Now the MPs are calling for the names of businesses that were awarded Covid loans and grants to be published, demanding that the Treasury sets out new transparency guidance for Government support in the next six months.
The committee said this would provide ‘the opportunity for whistleblowers and others to report suspicious claims’.
In a report, it demanded to know how the Treasury would ensure Whitehall took a ‘zero-tolerance’ approach to fraud and error following the pandemic.
It said all departments should report on estimated levels of fraud and error within their Covid schemes, how they are being tackled and what they plan to do to claw back lost taxpayers’ money.
The committee said it was ‘unacceptable’ that it took the Treasury 12 months to approve funding for HM Revenue and Customs’ taxpayer protection taskforce to investigate misuse of Covid assistance schemes, even though it knew there was a heightened risk of fraud.

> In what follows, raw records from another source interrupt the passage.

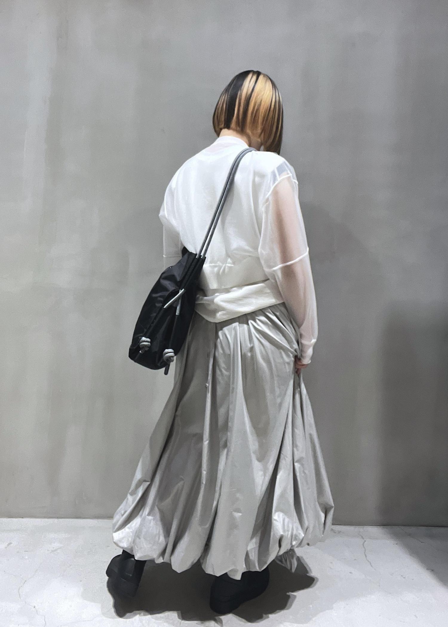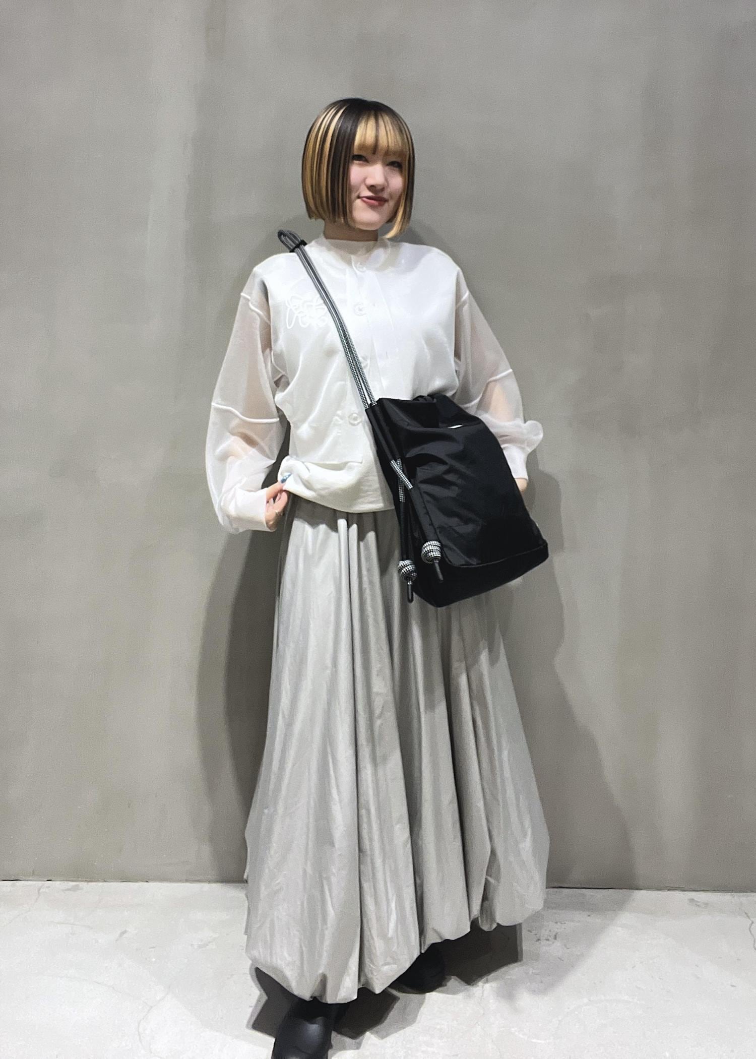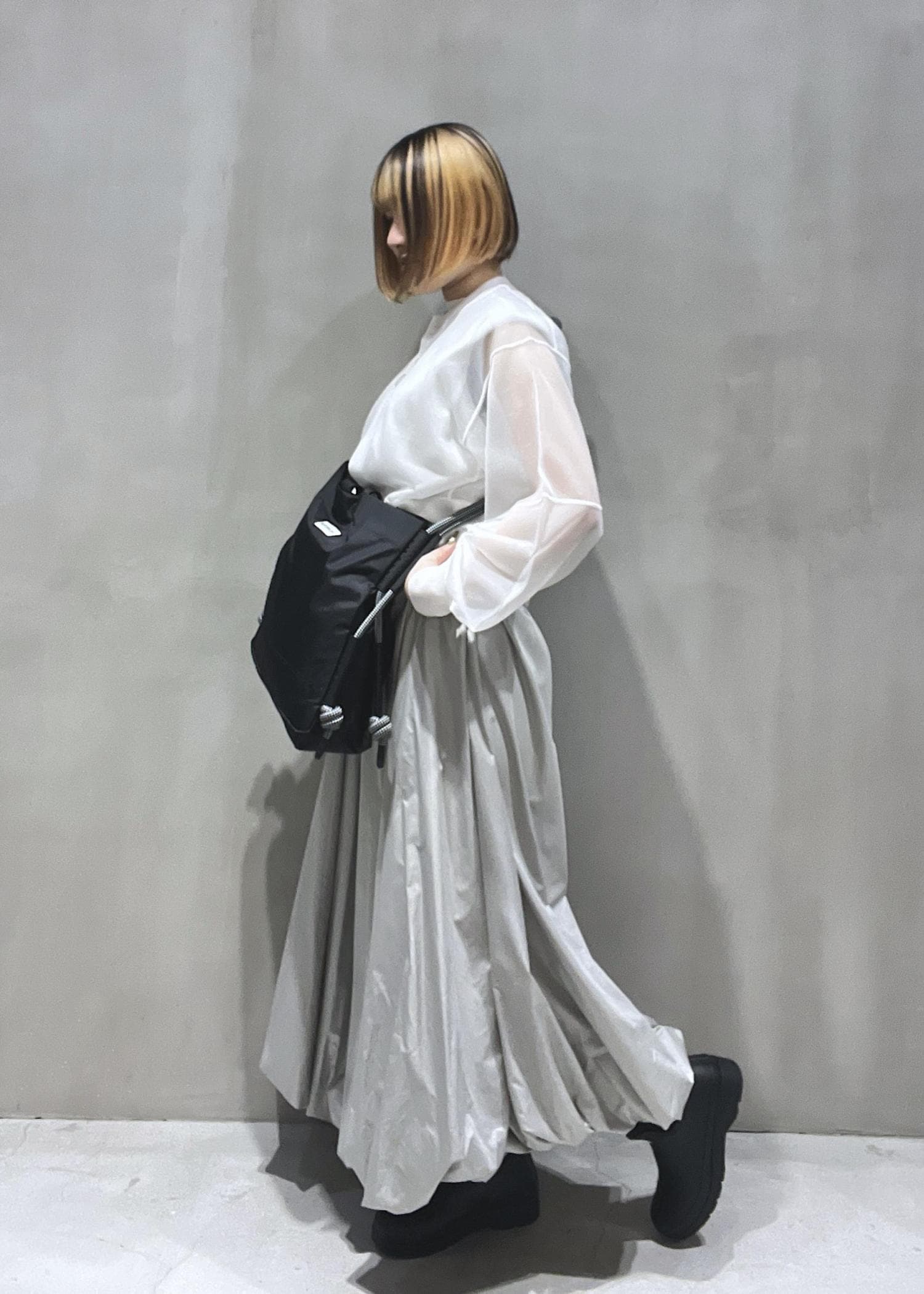 白を基調とした涼し気なコーデにナイロントートとブーツで黒を差し込みました♡
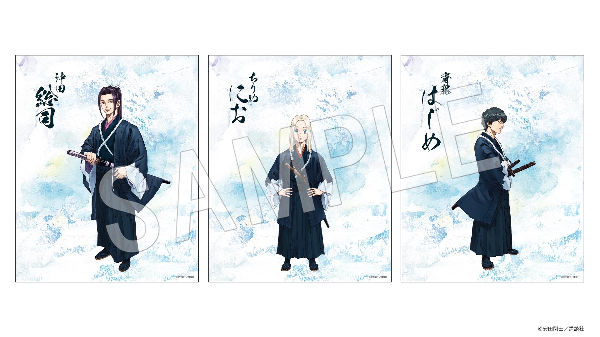 また映画村では原画の展示のほか、作品をイメージしたコラボメニューを提供します。インパクト抜群の青いスープのラーメンや近藤勇の好物「たまごふわふわ」などを召し上がっていただけます。また描き下ろしイラストを使用したオリジナルグッズも販売いたします。スタンプラリーを中心にコラボメニューや限定のコラボグッズなど、京都ならではのイベントとなっております。
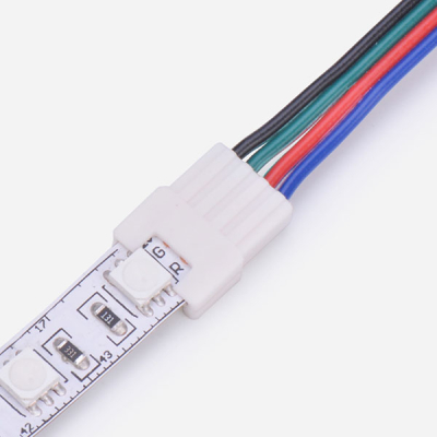 Kontakt med 15cm kabel för att koppla in ledtejp. Kontakten låses på kopparbläcken med en hasp. Genom att använda kontakten slipper man löda fast sladdar. Istället spänner man fast kontakten på ledtejpen och andra änden av sladden kan kopplas till sockerbit för vidarekoppling eller till plint på dimmer eller transformator.
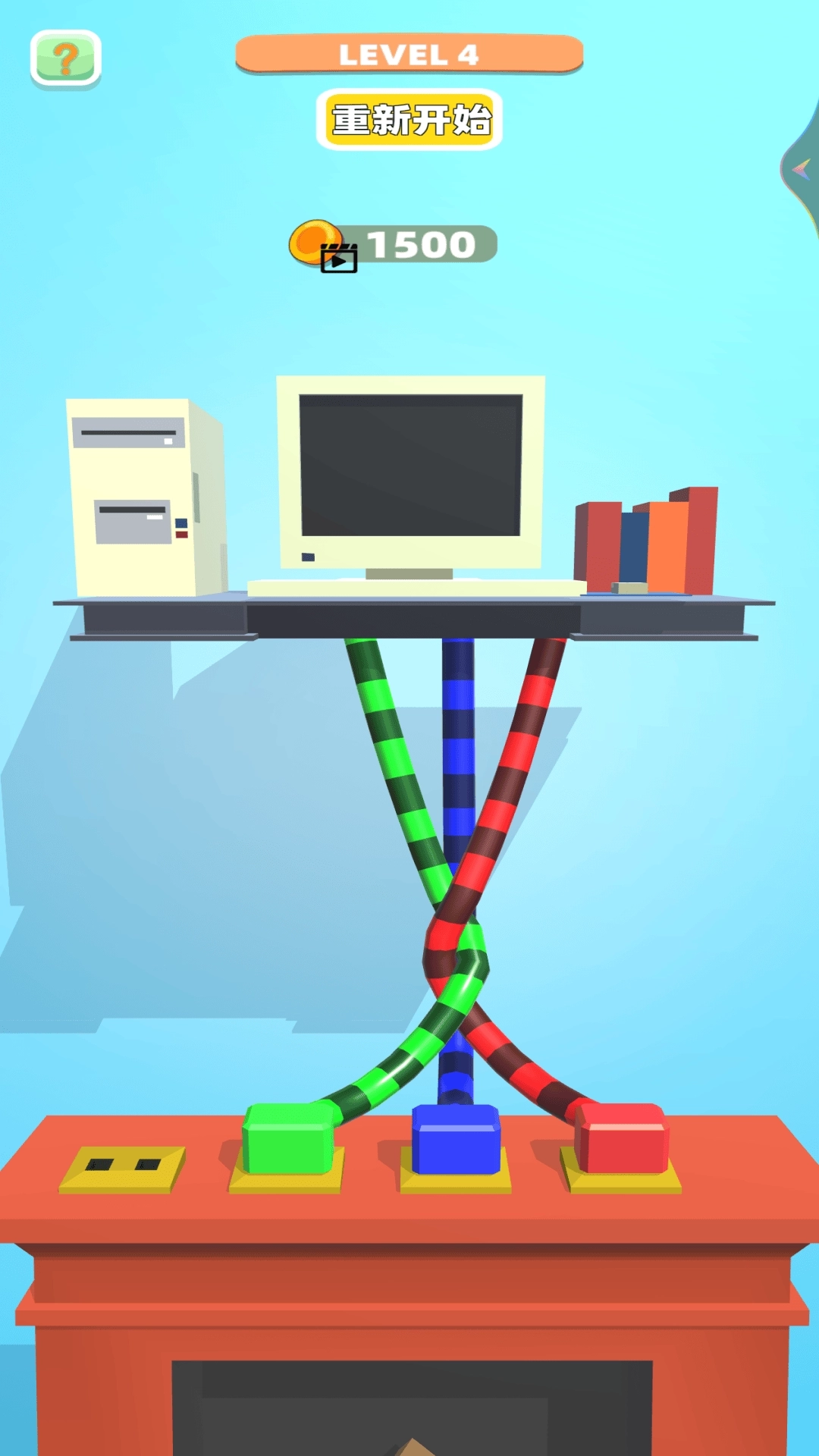 1.这是一款聚焦逻辑解谜的休闲闯关游戏,核心情境围绕电线缠绕与插座匹配展开,引导玩家通过理性推导来完成挑战。
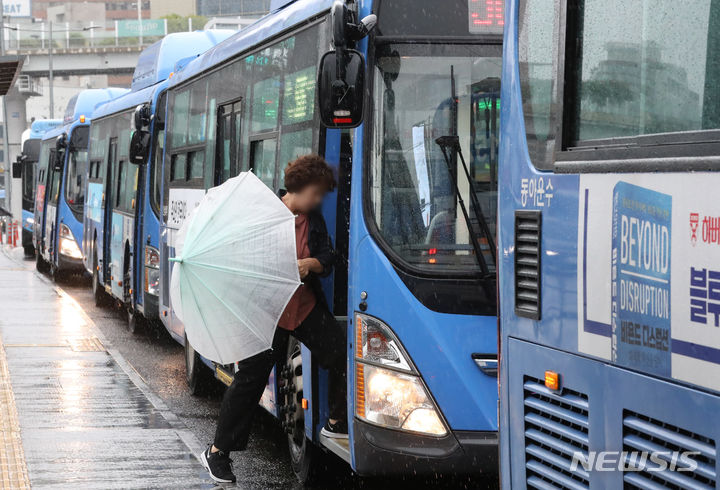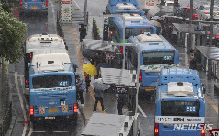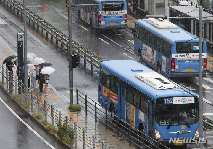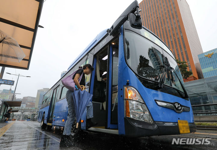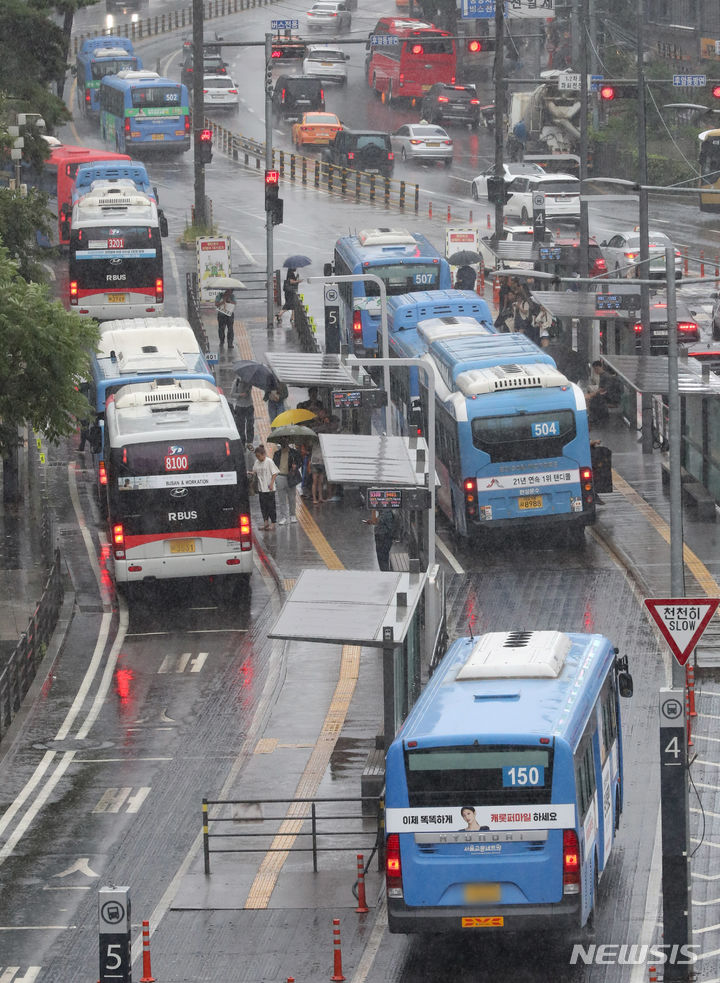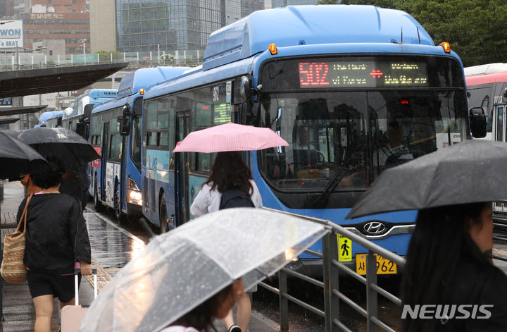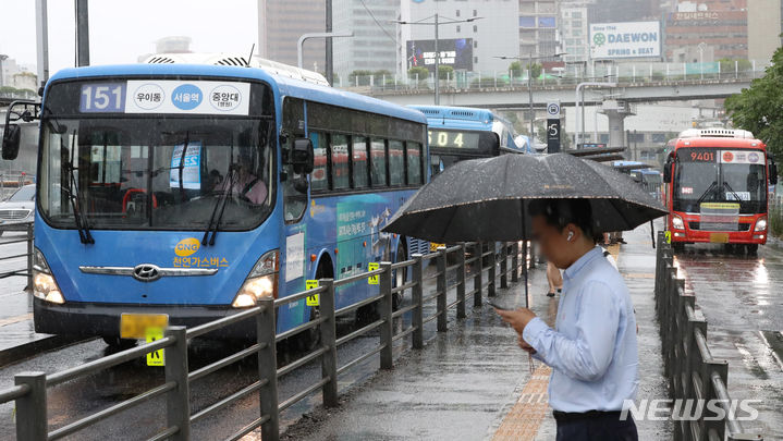 ソウルの市内バスとマウルバスの基本運賃が今月12日から300ウォン(現在のレートで約33円。以下同じ)引き上げられる。バスの基本運賃は、カード基準で幹線・支線バスは1200ウォン(約131円)から1500ウォン(約164円)に、循環・差等バスは1100ウォン(約120円)から1400ウォン(約153円)に上がる。マウルバスも900ウォン(約98円)から1200ウォンに引き上げられる。広域バスは2300ウォン(約252円)から3000ウォン(約328円)に、深夜は2150ウォン(約235円)から2500ウォン(約273円)にそれぞれ調整される。写真は10日午後、ソウル市中区のソウル駅付近で運行中の市内バス。
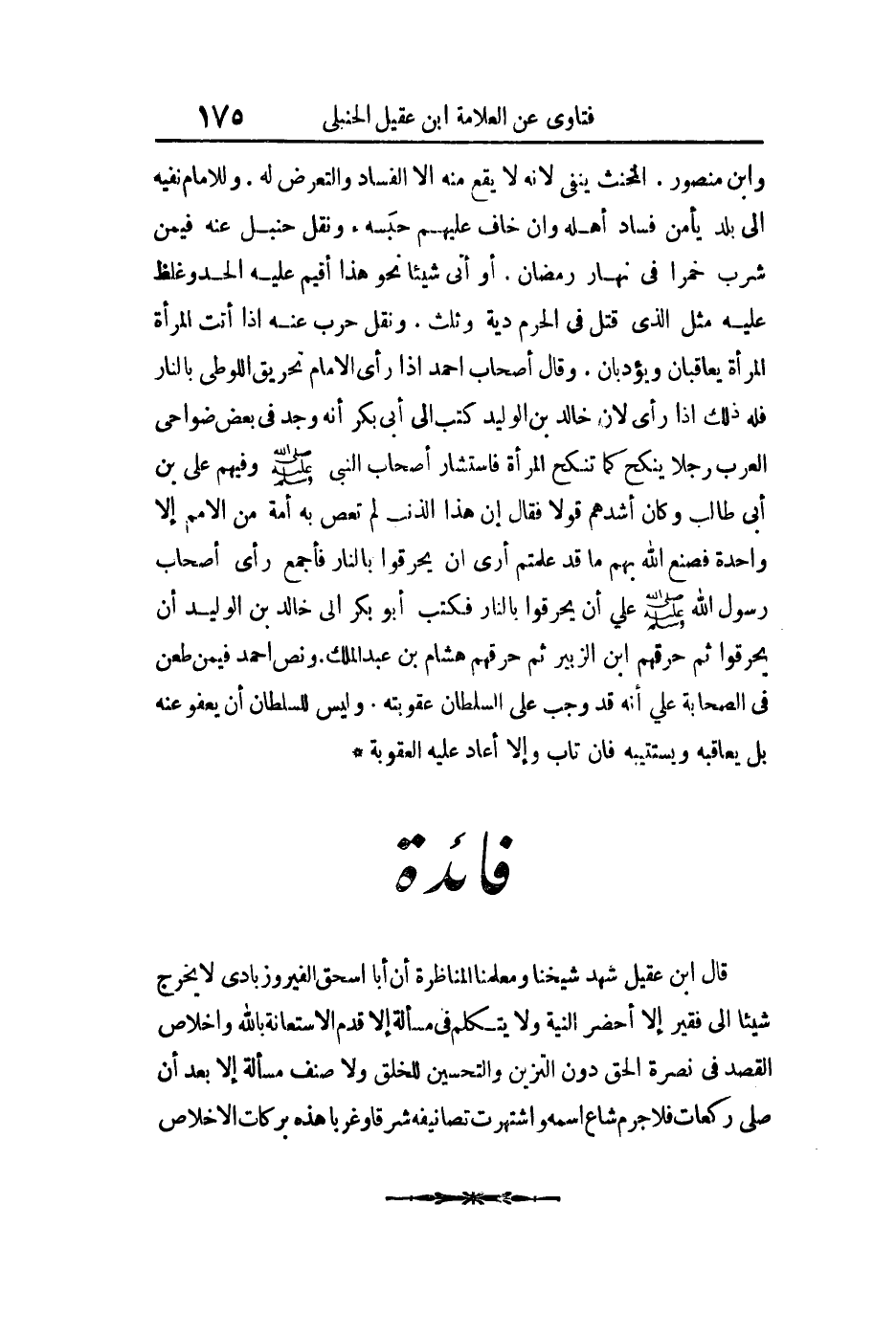 ونقل حرب عنه إذا أتت المرأة تعاقبان وتؤديان وقال أصحاب أحمد: "إذا رأى الإمام تحريق اللوطي بالنار فله ذلك إذا رأى لأن خالد ابن الوليد كتب إلى أبي بكر أنه وجد في بعض ضواحي العرب رجلا ينكح كما تنكح المرأة فاستشار أصحاب النبي صلى الله عليه وسلم علي بن أبي طالب وكان أشدهم قولا فقال: "إن هذا الذنب لم تعص به أمة من الأمم إلا واحدة فصنع الله بهم ما قد علمتهم أرى أن يحرقوا بالنار" فأجمع رأي أصحاب رسول الله صلى الله عليه وسلم على أن يحرقوا بالنار فكتب أبو بكر إلى خالد بن الوليد أن يحرقوا ثم حرقهم ابن الزبير ثم حرقهم هشام بن عبد الملك ونص أحمد فيمن طعن في الصحابة على أنه قد وجب على السلطان عقوبته وليس للسلطان أن يعفوا عنه بل يعاقبه ويستتيبه فإن تاب وإلا أعاد عليه العقوبة.
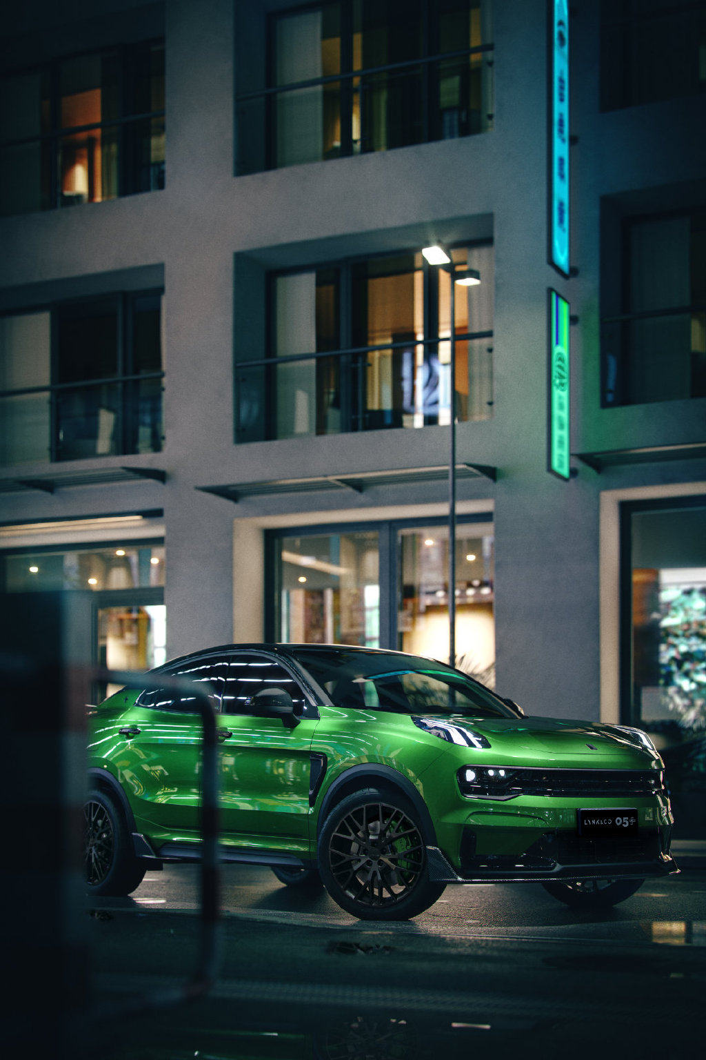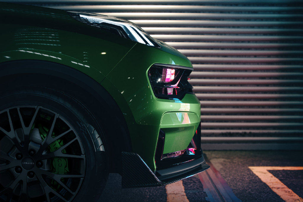 1、 基于领克05车型的设计风格,细节上更彰显性能车的气势

The Department for Business did not consult Cabinet Office counter-fraud experts when designing the bounce-back loan scheme, and HMRC does not intend to measure fraud in the self-employed income support scheme and Eat Out to Help Out – both set up to mitigate the effects of the pandemic.
The committee said: ‘HM Treasury and Cabinet Office should, within six months, introduce mandatory fraud-impact assessments that require formal sign-off… for all Government “major project portfolio” programmes and for all other schemes that departments identify as having a moderate to high risk of fraud or error.’
Around 16,000 civil servants work for the ‘counter fraud function’ in the public sector to find and fight fraud – mostly in the Department for Work and Pensions and HMRC.
But the Cabinet Office admitted it was ‘not able to give a view’ on whether they were working in the right areas.